My daddy also struggled with a tobacco addiction. He had made a public acceptance of Christ before they were married and had tried to quit chewing. But, he gradually publicly picked it back up. During those years, most evangelical churches would not approve of anyone as a Christian who still had ANY kind of a tobacco habit.

Remember the old saying: “I don’t drink, or smoke, or chew, and I don’t go with girls that do!” Well, my mother certainly didn’t do any of those, but my daddy had loved his Red Tobacco, and the habit loved him again. My mother hated the smell and nastiness of it all, as did the rest of our family. But, the habit held him fast. He tried to deal with it the best way he could, I think. He never kept a spitting can inside the house, but would go outside when he needed to spit! For that, I am grateful, and I’m sure my mother was, too.

So, while there was some turbulence in their marriage, including the tobacco habit, there was enduring and committed love, too. And I always knew I was loved unconditionally by both of them.

When he was about 70, he became very ill and was diagnosed with pancreatic cancer. The Mayo Clinic sent him home with just months to live. But, my mother, sister, and their pastor had a healing service at their home. That day, my Daddy accepted Jesus as his Savior! Everyone there believed he was healed that day! He quit chewing tobacco, gradually started eating again, and gained a lot of the weight back that he had lost. He lived 10 more years until he was 80, and appeared to not die from pancreatic cancer.

So, I am grateful for my good, good father. Most of my friends would think he was my grandpa when they first met him. So I would always feel the need to explain his age.

I guess I’m still explaining things that matter to me. Everyone knows that I married a man who was such a wonderful father to our children. And everyone knows that I’m so proud of our son and our two son-in-laws, who are all super dads to their children! I’m so thankful for them!

But, I am my daddy’s child, and the older I get, the more like him I see myself becoming. He had a great impact on my life in ways that I didn’t really see until I became a mature adult.
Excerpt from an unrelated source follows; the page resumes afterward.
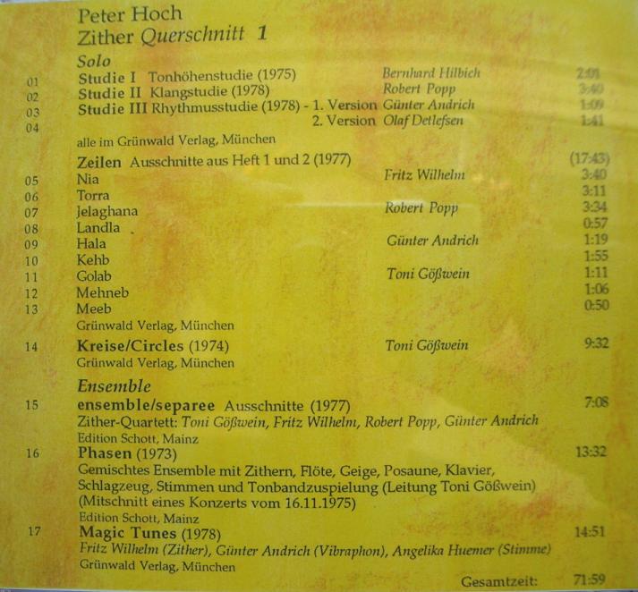 Zither-Querschnitt 1 (Werke für Zither aus den Jahren 1974 bis 1978)

I guess some of the ways weren’t even obvious until I became a senior citizen!

I am grateful for his gift of life to me, especially at his age. I am thankful for his love, his musical genes, his fortitude, his soft heart, and his dry humor, that he passed along to me.

I still wish I could hug him in his Big Smith denim blue overalls, work shirt, brown work boots, and his farm cap, all slightly smelling of the outdoors, unless he had just cleaned up to go somewhere!

Thank you, Daddy, for just being you. Thank you for loving Jesus in your own way, and finally working out the things of submission with Him. I’m so glad I believe you are waiting for me in heaven, along with all the rest of the ones I’ve loved who have been gathering there quite quickly.

I think you’ll probably flip the porch light on for me when it’s time for me to come inside.